Ali abrió los ojos. Sentía los párpados pesados, pero, lentamente, una impresión de ligereza desconocida absorbía su mente… ¿Fin del insomnio? Ali pensó en su madre a la que tanto quería, una imagen de ella feliz, estallando en una gran carcajada de ciega, pero otro rostro no tardó en invadir todo el espacio. Zina, Zaziwe, ese sueño repetido mil veces cuando, de noche, su olor a selva lo envolvía y lo arrastraba lejos del mundo, con ella… Una brisa tibia sopló y alisó la arena bajo la luna.
Ali cerró los ojos para acariciarla mejor. Y ahí se quedó.
11
– ,Ha visto a mi bebé? Oiga, señor… ¿tiene a mi bebé?

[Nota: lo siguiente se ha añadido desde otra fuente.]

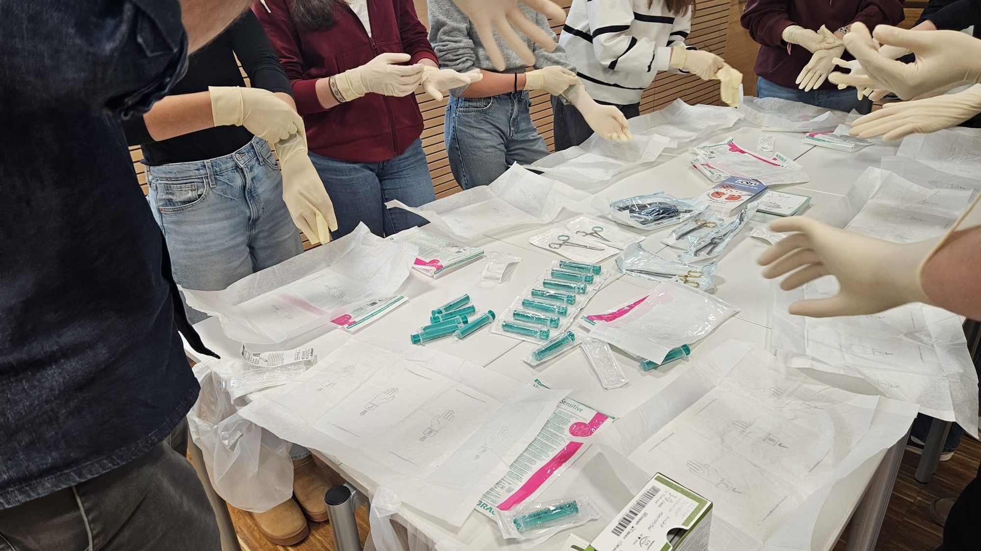 Neben dem sterilen Anziehen und Hände desinfizieren ging es um Prick-Tests zur Allergiediagnostik, Blutentnahme und das Anschließen einer Infusion, Fäden ziehenund Impfen, Blutdruck messen und Urindiagnostik im Rahmen eines Schwangerschaftstests.

Una vieja vestida de harapos se acercó a los surtidores de gasolina. Epkeen, que se estaba asando bajo el tejado de chapa, apenas le prestó atención. La khoi khoi venía de la aldea vecina, una veintena de míseras chozas sin agua corriente ni electricidad, junto a la estación de servicio. Hablaba con los chasquidos característicos de su lengua, una mujer sin edad, con el rostro cubierto de arena.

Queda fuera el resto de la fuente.